EXERCISE OBJECTIVE ▸
What is needed is an exact copy of the records below, with the pictures left out.

■ ■ ■ ■ ■ ■ ■

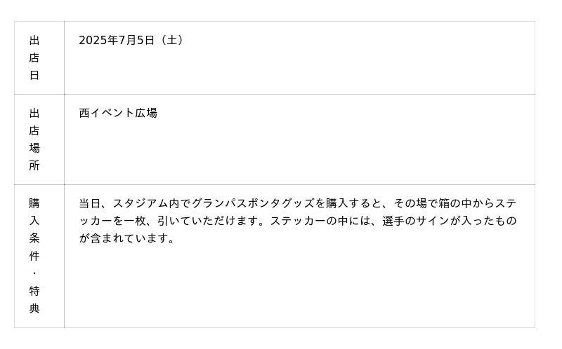 ※販売時間については、後日、グランパスポンタ公式X(@nge_ponta)にてご案内予定です
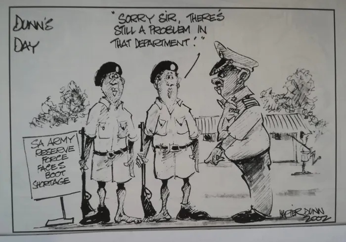 This cartoon on the lack of funding in the South African National Defence Force (SANDF) appeared in The Mercury on January 18, 2002. More than two decades later, Dunn's cartoon remains just as relevant.
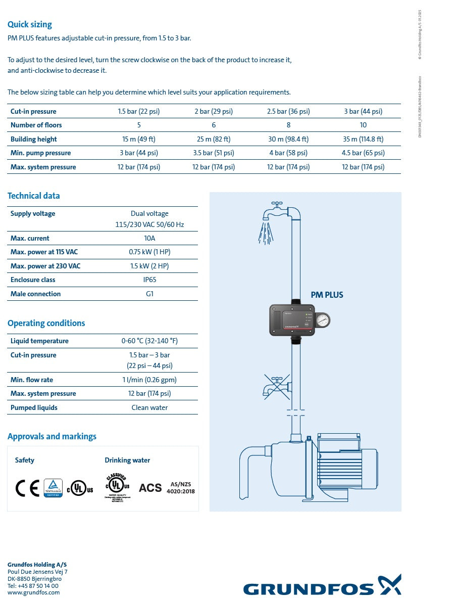 Grundfos PM2 PLUS Pressure Manager Pump Controller - The PM PLUS is the all-round control solution, offering adjustable pump start at 1.5 to 3 bar. This enables customisation to different types of installation and desired comfort levels. The start pressure is set inside the unit. The PM2 starts the pump when the starting pressure is reached and keeps running as long as there is flow. It is equipped with an internal pressure tank to minimise starts and stops in the event of leakage in the installation. In addition, the PM PLUS can be optimised for operation with a large external pressure tank by enabling the 1-bar differential pressure function. This significantly reduces the number of operating hours of the pump in installations with a pressure tank. The PM PLUS is also suitable for use on generators.
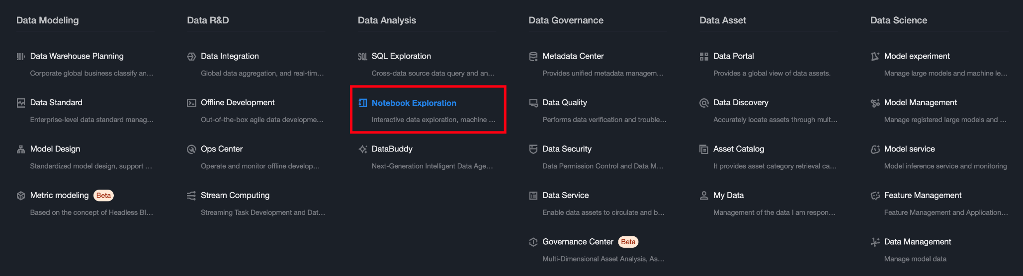 Note: Currently, Notebook Exploration is in the Invite Testing stage. You can contact ticket to enable the allowlist for trial use. Feature Overview
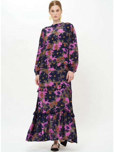 This Mock Neck Maxi dress features a stylish ruffle detail that adds a touch of elegance to its flowing silhouette. Designed for comfort and grace, it’s perfect for both casual and dressy occasions, offering a flattering fit that moves beautifully with you.

■ ■ ■ ■ ■ ■ ■

WORKED SOLUTION ▸
 ※販売時間については、後日、グランパスポンタ公式X(@nge_ponta)にてご案内予定です
 This cartoon on the lack of funding in the South African National Defence Force (SANDF) appeared in The Mercury on January 18, 2002. More than two decades later, Dunn's cartoon remains just as relevant.
 Grundfos PM2 PLUS Pressure Manager Pump Controller - The PM PLUS is the all-round control solution, offering adjustable pump start at 1.5 to 3 bar. This enables customisation to different types of installation and desired comfort levels. The start pressure is set inside the unit. The PM2 starts the pump when the starting pressure is reached and keeps running as long as there is flow. It is equipped with an internal pressure tank to minimise starts and stops in the event of leakage in the installation. In addition, the PM PLUS can be optimised for operation with a large external pressure tank by enabling the 1-bar differential pressure function. This significantly reduces the number of operating hours of the pump in installations with a pressure tank. The PM PLUS is also suitable for use on generators.
 Note: Currently, Notebook Exploration is in the Invite Testing stage. You can contact ticket to enable the allowlist for trial use. Feature Overview
 This Mock Neck Maxi dress features a stylish ruffle detail that adds a touch of elegance to its flowing silhouette. Designed for comfort and grace, it’s perfect for both casual and dressy occasions, offering a flattering fit that moves beautifully with you.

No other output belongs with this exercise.